Date
UCL School of Management is delighted to welcome Min Jung Kim, University of Minnesota, to host a research seminar discussing, ‘Cluster Temporal Dynamics, Boundary-Crossing Resource Mobility, and the Nature of Firms Technological Innovation’
Abstract
A large body of strategy literature on industry clusters and firms’ technological innovation generally has focused on the effects of cluster size in and of itself. In this study, I contribute to this literature by studying an underexplored phenomenon of the temporal dynamics of industry clusters—namely, the patterns of sustained growth or decline in geographical concentration levels of industry activity.

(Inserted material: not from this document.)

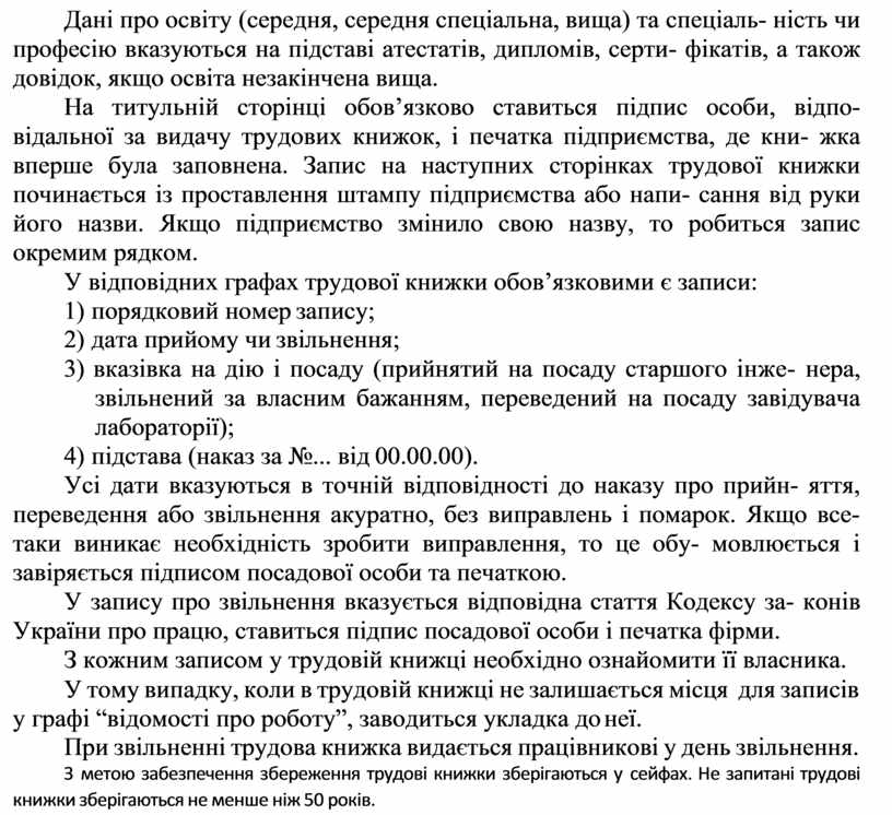 Усі дати вказуються в точній відповідності до наказу про прийн- яття, переведення або звільнення акуратно, без виправлень і помарок. Якщо все-таки виникає необхідність зробити виправлення, то це обу- мовлюється і завіряється підписом посадової особи та печаткою.

I hypothesize that firms in clusters experiencing a period of sustained growth will be more likely to generate innovation that disrupts existing streams of technology and establishes new streams relative to firms in clusters of comparable size that are experiencing stable or declining periods. This is because sustained growth implies that employees are increasingly coming in from elsewhere, which constitutes inflows of knowledge from different geographies or industries. The periods of sustained growth also imply that relevant organizations in the local ecosystem are increasingly helpful in allowing local firms to understand and apply such boundary-crossing knowledge. I test my arguments in the context of the U.S. medical device industry from 1974 to 2016. Controlling for cluster size, I find that firms in clusters experiencing sustained growth are more likely to generate novel innovation. This change in the nature of innovation is found to be driven more by cross-industry employee mobility than by cross-geography mobility. I also show that the relationship between cluster dynamics and novel innovation differs from the relationship between cluster size and novel innovation.